» **Input for this task**
━━━━━━━━━━
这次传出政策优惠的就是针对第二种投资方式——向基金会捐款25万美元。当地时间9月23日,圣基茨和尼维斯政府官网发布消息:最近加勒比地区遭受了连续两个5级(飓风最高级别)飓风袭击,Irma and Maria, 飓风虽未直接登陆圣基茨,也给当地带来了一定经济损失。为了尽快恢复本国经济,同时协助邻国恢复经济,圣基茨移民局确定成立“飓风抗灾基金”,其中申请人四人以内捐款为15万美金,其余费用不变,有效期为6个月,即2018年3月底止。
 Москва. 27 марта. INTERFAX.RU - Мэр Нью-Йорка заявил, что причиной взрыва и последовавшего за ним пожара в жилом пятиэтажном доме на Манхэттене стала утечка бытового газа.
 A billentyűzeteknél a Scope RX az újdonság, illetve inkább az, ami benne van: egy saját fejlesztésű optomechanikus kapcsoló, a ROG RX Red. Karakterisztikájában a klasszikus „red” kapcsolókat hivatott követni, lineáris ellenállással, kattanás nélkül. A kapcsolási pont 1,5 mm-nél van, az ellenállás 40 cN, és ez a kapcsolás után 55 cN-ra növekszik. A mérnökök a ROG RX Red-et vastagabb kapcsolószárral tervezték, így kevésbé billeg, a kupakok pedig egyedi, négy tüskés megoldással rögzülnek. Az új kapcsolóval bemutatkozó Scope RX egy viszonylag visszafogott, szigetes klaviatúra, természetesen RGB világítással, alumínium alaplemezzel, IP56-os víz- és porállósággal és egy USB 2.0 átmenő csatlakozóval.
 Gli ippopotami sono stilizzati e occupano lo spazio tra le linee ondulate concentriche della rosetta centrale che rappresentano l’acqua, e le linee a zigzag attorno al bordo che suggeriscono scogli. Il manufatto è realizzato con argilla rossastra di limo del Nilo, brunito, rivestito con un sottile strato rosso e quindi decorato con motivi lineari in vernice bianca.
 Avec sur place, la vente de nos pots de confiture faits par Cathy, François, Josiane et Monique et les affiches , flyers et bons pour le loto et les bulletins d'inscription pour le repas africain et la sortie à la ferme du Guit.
━━━━━━━━━━
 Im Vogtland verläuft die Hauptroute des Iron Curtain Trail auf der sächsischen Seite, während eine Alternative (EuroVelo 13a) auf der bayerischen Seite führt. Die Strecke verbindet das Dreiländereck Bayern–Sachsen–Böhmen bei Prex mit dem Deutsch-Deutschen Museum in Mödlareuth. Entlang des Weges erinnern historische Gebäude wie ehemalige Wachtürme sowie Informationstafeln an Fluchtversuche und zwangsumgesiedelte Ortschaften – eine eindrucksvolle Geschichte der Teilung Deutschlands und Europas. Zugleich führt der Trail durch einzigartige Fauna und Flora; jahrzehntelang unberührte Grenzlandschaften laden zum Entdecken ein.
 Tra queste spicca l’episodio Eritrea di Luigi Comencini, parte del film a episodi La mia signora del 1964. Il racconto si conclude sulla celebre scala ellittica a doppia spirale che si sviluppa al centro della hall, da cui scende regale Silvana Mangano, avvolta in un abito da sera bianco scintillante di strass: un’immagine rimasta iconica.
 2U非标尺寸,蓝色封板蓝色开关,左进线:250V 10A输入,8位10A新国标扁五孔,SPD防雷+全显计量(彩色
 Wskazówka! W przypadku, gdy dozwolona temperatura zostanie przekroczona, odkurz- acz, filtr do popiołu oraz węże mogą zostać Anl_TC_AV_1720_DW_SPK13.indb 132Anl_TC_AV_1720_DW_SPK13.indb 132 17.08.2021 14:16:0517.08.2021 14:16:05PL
━━━━━━━━━━
» **What the task requires**
Both the line containing "2U非标尺寸,蓝色封板蓝色开" and the line containing "Wskazówka! W przypadku, gdy" belong in the answer. Print them and every line above that falls between them exactly, and no others.

» **Solution below**
 2U非标尺寸,蓝色封板蓝色开关,左进线:250V 10A输入,8位10A新国标扁五孔,SPD防雷+全显计量(彩色
 Wskazówka! W przypadku, gdy dozwolona temperatura zostanie przekroczona, odkurz- acz, filtr do popiołu oraz węże mogą zostać Anl_TC_AV_1720_DW_SPK13.indb 132Anl_TC_AV_1720_DW_SPK13.indb 132 17.08.2021 14:16:0517.08.2021 14:16:05PL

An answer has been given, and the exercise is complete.